Хроники Птеродактиля - Елена Лобачева
Шрифт:
Интервал:
Закладка:
Голова вождя склонилась в сторону Саши:
— Advenrsus necessitatem ne dii quidem resistunt[7], — процитировал Питтак сам себя и буднично посоветовал: — Не лезь, сама поймет, что делать.
Владимир, передав Сашу Питтаку, вспомнил о Юрии — как бы тот не сунулся в дела земные: Надя-то под угрозой.
Не обнаружив Юрия поблизости и решив, что вечность от него не уйдет, Владимир ринулся ко мне:
— Ваша родня — вам и думать. И нечего мне за Ленку мстить. Я и так пострадавшая сторона.
…Ни жизнь этого дурня не образумила, ни смерть. Рыскает здесь, крутится, ищет истину — мучается одним словом, а пользы пока никакой. Ничего, подождем. В одном он прав: Лену я ему не забуду.
«Паршивый мальчишка», — Николай понял подленькую затею Володьки и изо всех сил пытался задержать его в вестибюле института.
— Как же я доеду домой, Володя, — Николай громко увещевал юношу, используя слепоту как шантаж. Не жди Лену, не собиралась она в институт сегодня, это я так, к старому приятелю заехал, к счастью, ты меня и окликнул. Поехали, уважь слепого человека, будь добр.
Схватившись за рукав Володи, Николай силой потащил его к выходу, стараясь не думать о том, что произойдет, если (не дай бог!) они столкнутся с Леной.
Стажировка за границей замаячила на горизонте жизни дочери как спасение от всех непосильных тягот. Николай радовался тихо, боясь спугнуть удачу. С проректором института Николая связывали приятельские отношения еще со времен рабфака. Лену оповестили о стажировке вчера, и она, ничего не соображая, выболтала все Володьке. И что теперь? Этот паршивец наверняка захочет поломать будущее дочери просто так. Чтобы иметь под рукой мою девочку, на всякий случай. Мысли Николая сгущались в горький комок, он прибавил шагу.
— За вами не угонишься, Николай Сергеевич, — Володька старался не пропустить во встречном потоке Елену. «Ишь чего надумала, за границу от него сбежать, диссидентка несчастная. Нет, я такими тылами разбрасываться не привык», — раздумывая, как сорвать стажировку, Володя быстро ввел Николая в подъезд.

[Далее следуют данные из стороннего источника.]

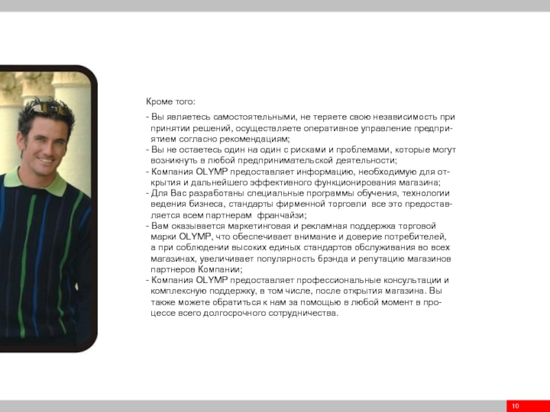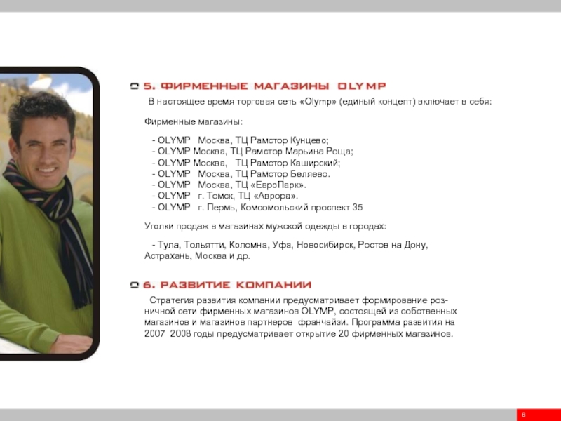 • Спектр услуг по организации фирменной торговли OLYMP, а именно:

Спустя час они сидели с Леной в «Шоколаднице», строя планы на будущее, в котором не было никакой заграницы. А были их общие дела, общая жизнь и общее будущее, где главным должен стать он, Владимир, а не Елена. Так-то: женщина есть женщина.
Так что там, дочка, у вас происходит? Татьяна перевезла Варвару поближе и совсем не чувствует, что под носом делается? Надо бы узнать ей про сына, пока тот еще жив. Да и внук родной как бы не затерялся во времени.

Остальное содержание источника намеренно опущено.